While Kim Ahonoukoun’s artwork draws from the legacy of the great impressionists, nothing about her journey is conventional. The French Canadian artist originally planned on becoming a lawyer, completing law school before deciding to pivot into event planning. “I did event planning for 14 years until COVID shut the world down,” she says. A highly intuitive person, Kim sensed even before the pandemic broke out that she was ready for a change. “I knew I needed to switch things around and so I was actually going to start doing wellness retreats.”

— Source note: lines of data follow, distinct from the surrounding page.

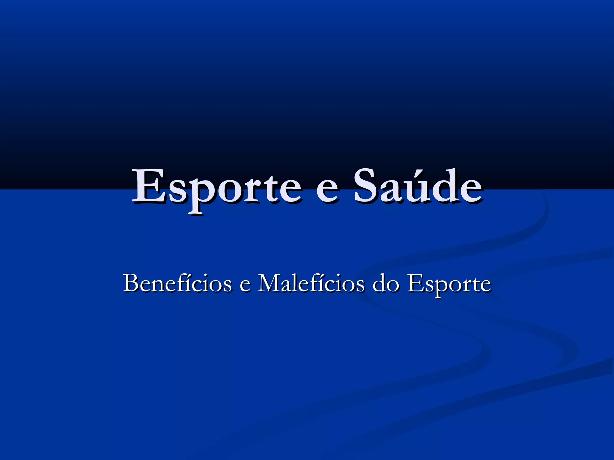 O documento discute os benefícios e malefícios do esporte. Entre os benefícios estão o condicionamento físico e a promoção da saúde. Os malefícios incluem lesões se praticado de forma incorreta e problemas de saúde associados ao uso de anabolizantes ou à falta de atividade física.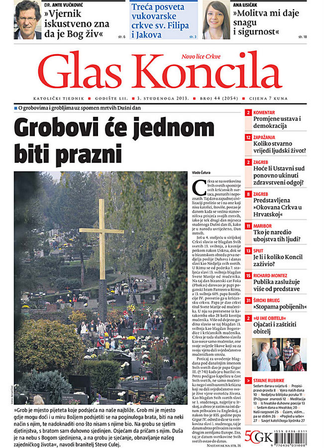 "Grobovi će jednom biti prazni" naslovna je tema ovotjednoga broja Glasa Koncila, s nadnevkom 3. studenoga, u kojoj novinar Vlado Čutura piše o grobovima i grobljima uz svetkovinu Svih svetih i Dušni dan.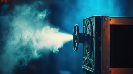 A vintage film projector casts a soft light in a darkened room, surrounded by a smoky atmosphere, evoking feelings of nostalgia and the artistic essence of classic cinema.
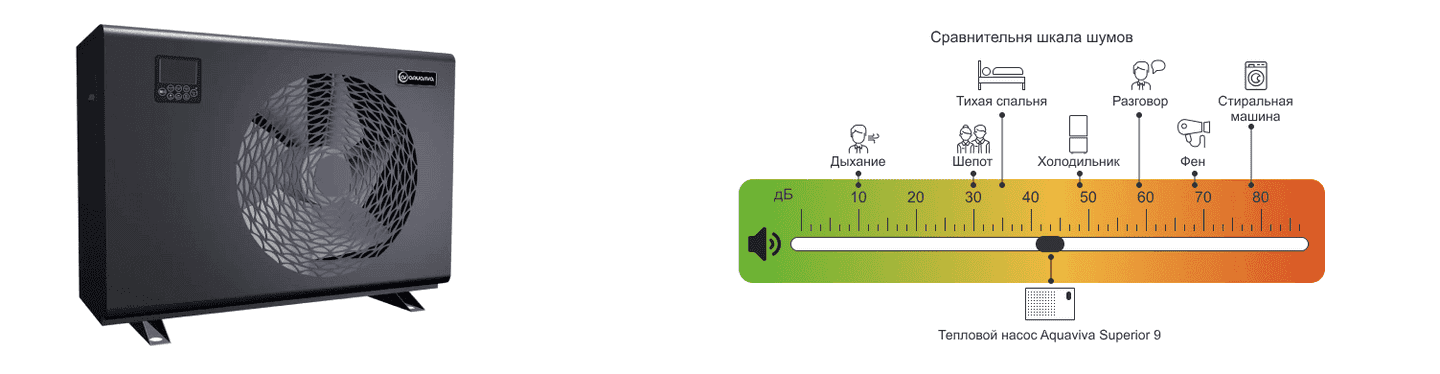 - Уменьшенный уровень шума: Благодаря использованию тихого инверторного компрессора и полноинверторной вентиляции, инверторный насос Aquaviva Superior 15 значительно тише обычных моделей. При достижении заданной температуры, насос переходит в режим экономии, используя 25-80% своей мощности, что позволяет существенно снизить уровень шума при его работе, обеспечивая комфортное использование.

It was because of this interest in wellness retreats that Kim began a practice of daily guided meditation, tuning into herself and her desires in order to determine her next step. It was during one of these sessions that she had a breakthrough. “I had a vision, voice, whatever you can call it, that told me I needed to continue Claude Monet’s legacy by starting oil painting, which I had never done in my entire life.”
At 35 years old, Kim had barely ever picked up a paintbrush, let alone experimented with the highly technical art of oil painting. “I always was an artsy kid, don’t get me wrong, I played music and I was doing arts and crafts all the time, but I had never been to art school. Every time I was at a crossroads where I had to choose between something artsy and something rational, I chose the latter.”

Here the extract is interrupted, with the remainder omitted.